Investors should definitely tune into the robotaxi unveiling event on August 8 with open ears. The stock is intriguing having fallen nearly 60% from the highs from over 2 years ago. Musk always has something in the works that could add value to Tesla and his determined leadership could help push past some of the regulations that hit Cruise’s service.
With the slowdown in the EV market, the stock isn’t exactly cheap now at 40x 2025 EPS targets of $4 and over 4x sales targets. Robotaxis are definitely the holy grail for the auto sector and Musk seems more determined than others making Tesla appealing from this angle, though the business isn’t likely to launch anytime soon.
Takeaway
The key investor takeaway is that investors don’t usually fare well investing against Elon Musk. Tesla launching a robotaxi service could provide the next big leg up for the stock with ARK Invest projecting upside to $2,000 from the current price of only $165, over an 1,100% gain. The problem is that Musk has long promised full-self driving services and Tesla has yet to deliver anything close. Not to mention, the EV company appears to have done nothing to allow regulators to license a robotaxi service in any state.
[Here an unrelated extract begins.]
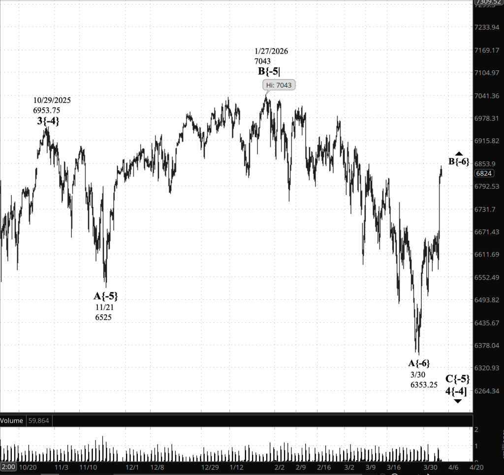 Decision Points. The key question is whether rising wave B{-6} has completed its final subwave, C{-7}. The current rally has reached the mid-6800s, placing it within the expected resistance zone for B{-6}, roughly 6620–6680 and extending higher as momentum carried beyond the initial target. A continued hold above 6800, followed by a push to new recovery highs, would argue that C{-7} is still extending and that B{-6} is not yet complete. Conversely, a decisive break below 6760 would be the first signal that upward momentum has failed. A further decline below 6652.25, the overnight low, would strongly suggest that B{-6} has ended and that declining wave C{-6} is underway. Until that lower boundary is broken, the upward structure of B{-6} remains intact, but the risk of reversal is elevated given the maturity of the move.

The stock is intriguing on the big dip here, but investors need to understand the full launch of the robotaxi service is highly unlikely for several more years. Buy Tesla, but don’t buy the stock for AVs.
Analyst’s Disclosure: I/we have no stock, option or similar derivative position in any of the companies mentioned, and no plans to initiate any such positions within the next 72 hours. I wrote this article myself, and it expresses my own opinions. I am not receiving compensation for it (other than from Seeking Alpha). I have no business relationship with any company whose stock is mentioned in this article.